WHAT YOU WILL DO:
No pictures, please. Copy exactly the lines from the one with "可以通用用上面的方式看看有没" through the final line below.

Collected data:
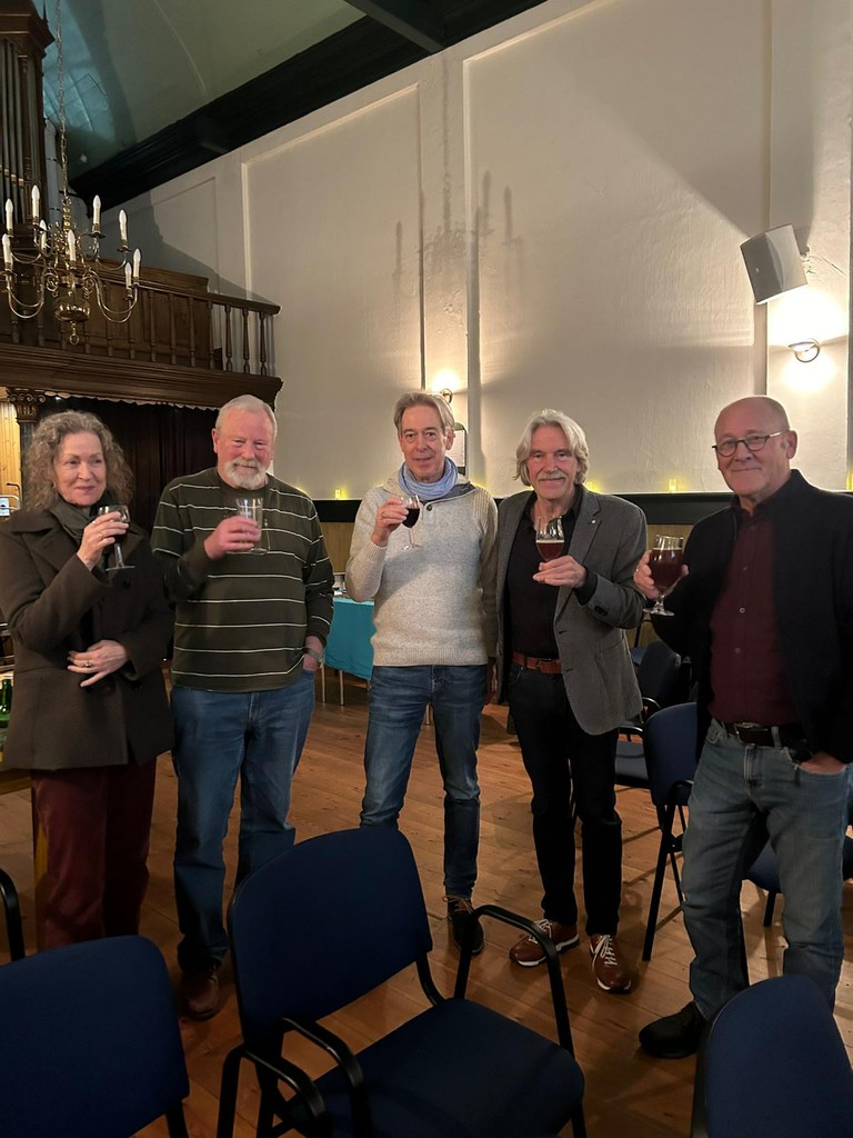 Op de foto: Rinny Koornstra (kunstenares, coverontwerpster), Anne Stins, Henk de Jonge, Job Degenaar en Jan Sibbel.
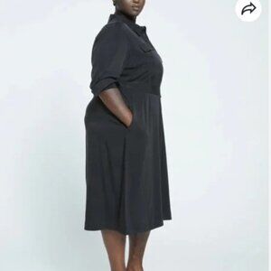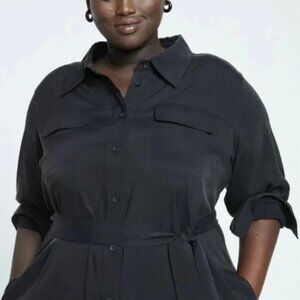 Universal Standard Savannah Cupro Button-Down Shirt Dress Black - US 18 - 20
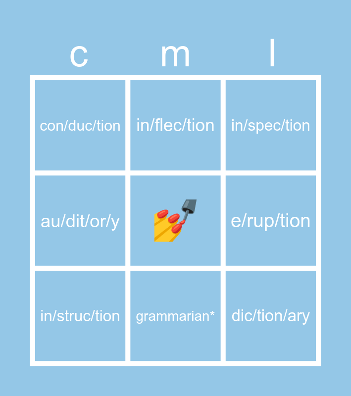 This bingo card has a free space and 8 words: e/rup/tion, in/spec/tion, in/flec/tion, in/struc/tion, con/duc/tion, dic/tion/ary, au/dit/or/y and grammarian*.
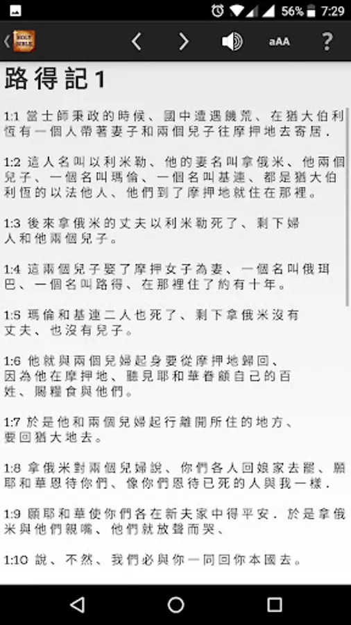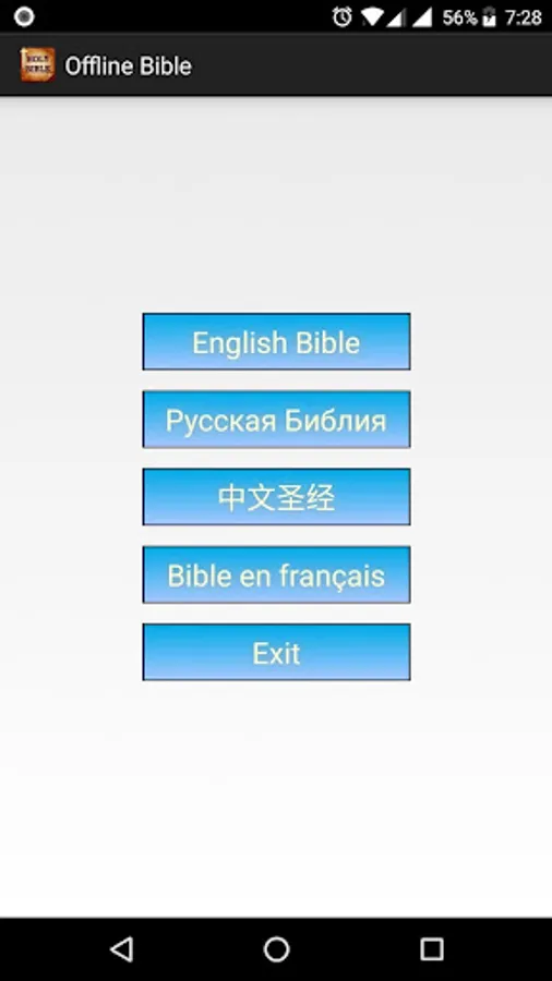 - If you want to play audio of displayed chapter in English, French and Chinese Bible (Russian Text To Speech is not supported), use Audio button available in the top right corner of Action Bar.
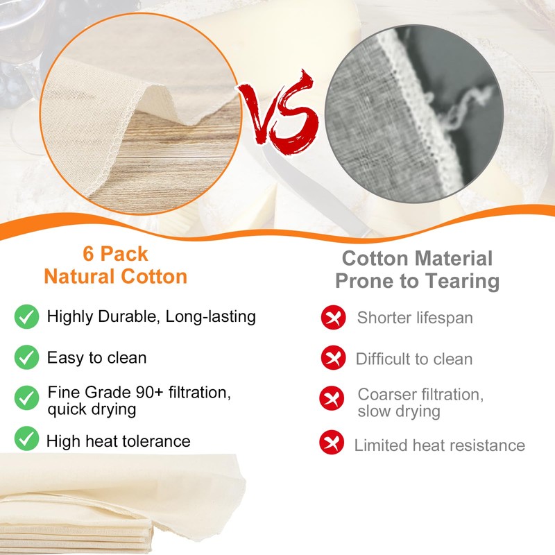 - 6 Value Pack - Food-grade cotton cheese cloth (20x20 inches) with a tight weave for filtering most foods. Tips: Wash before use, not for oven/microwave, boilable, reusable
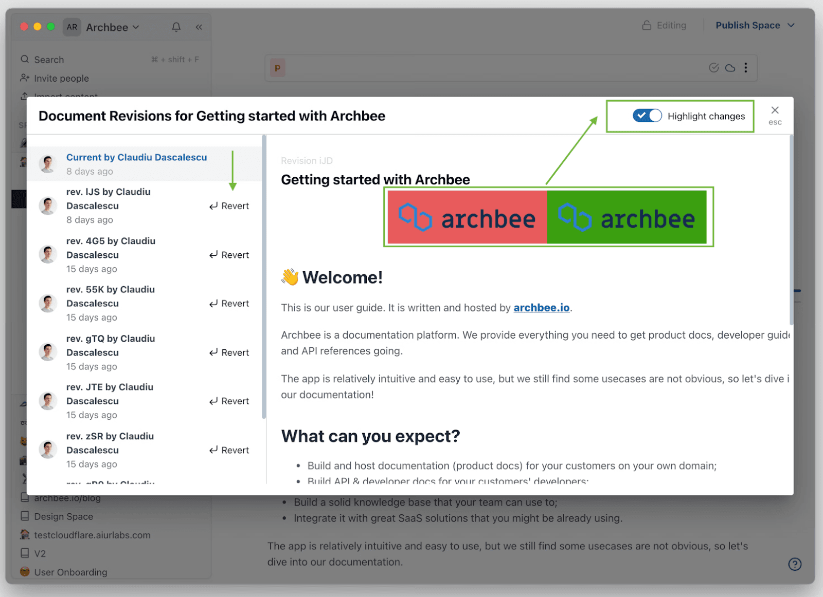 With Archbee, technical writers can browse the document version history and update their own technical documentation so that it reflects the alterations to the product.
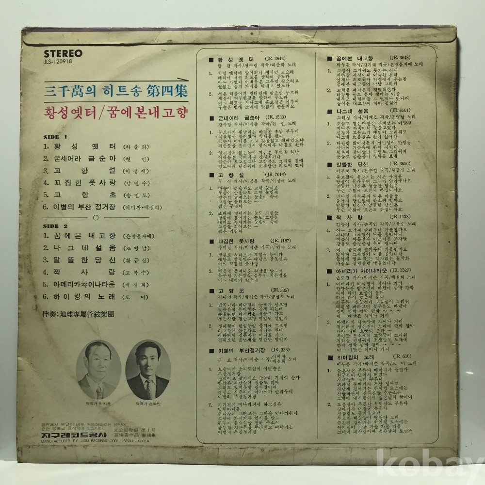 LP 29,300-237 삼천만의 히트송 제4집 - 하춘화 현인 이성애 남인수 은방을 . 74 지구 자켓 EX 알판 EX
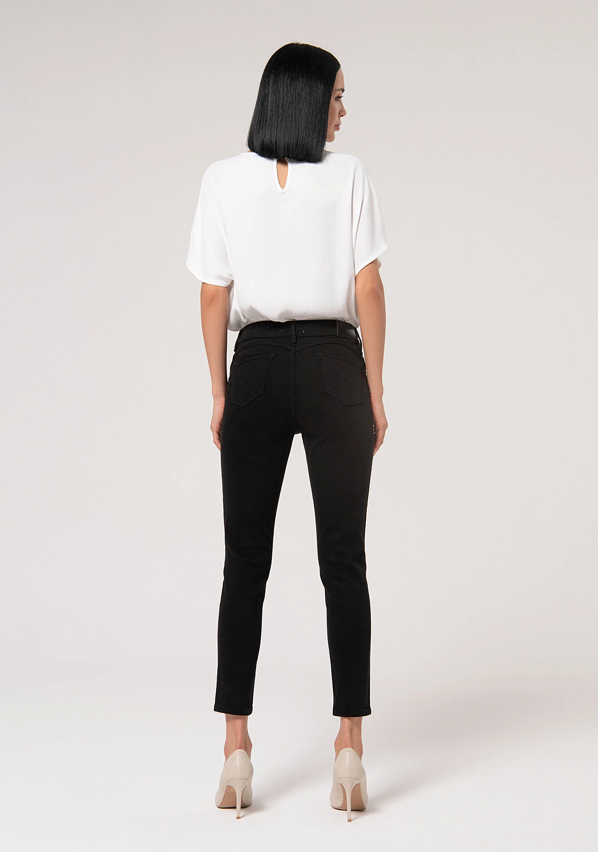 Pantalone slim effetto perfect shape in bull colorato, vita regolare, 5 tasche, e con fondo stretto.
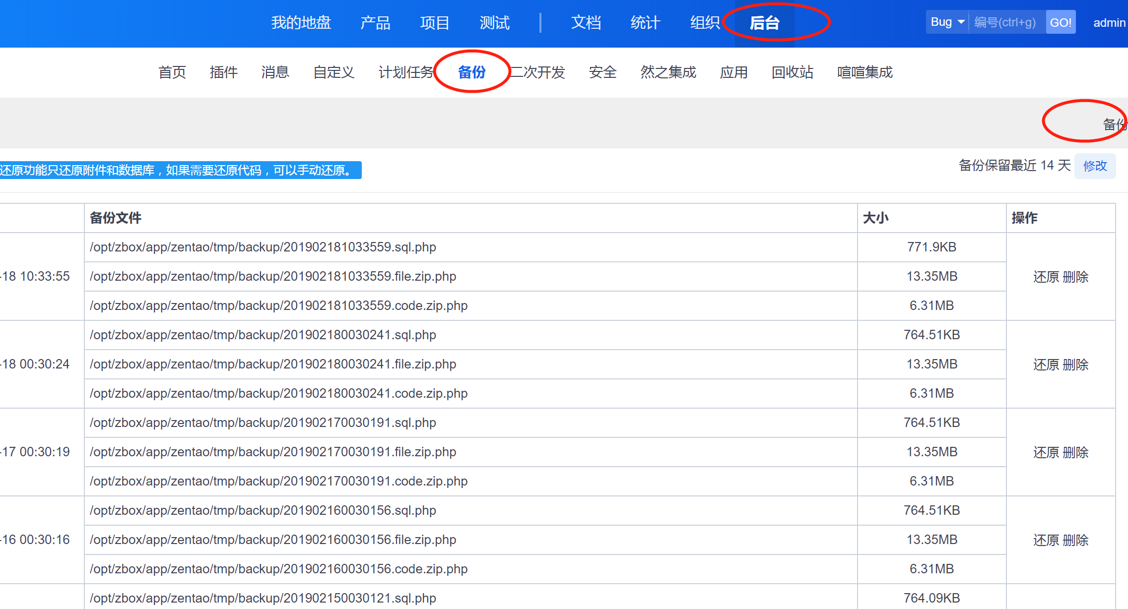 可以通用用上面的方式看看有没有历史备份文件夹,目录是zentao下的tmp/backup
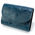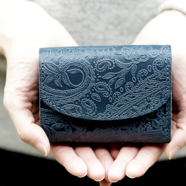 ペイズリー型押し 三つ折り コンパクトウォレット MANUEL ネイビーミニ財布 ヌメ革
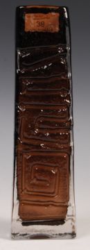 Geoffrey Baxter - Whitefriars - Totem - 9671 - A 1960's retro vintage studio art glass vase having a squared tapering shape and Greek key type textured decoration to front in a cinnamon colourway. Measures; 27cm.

ANSWER BELOW:
 可以通用用上面的方式看看有没有历史备份文件夹,目录是zentao下的tmp/backup
 ペイズリー型押し 三つ折り コンパクトウォレット MANUEL ネイビーミニ財布 ヌメ革
 Geoffrey Baxter - Whitefriars - Totem - 9671 - A 1960's retro vintage studio art glass vase having a squared tapering shape and Greek key type textured decoration to front in a cinnamon colourway. Measures; 27cm.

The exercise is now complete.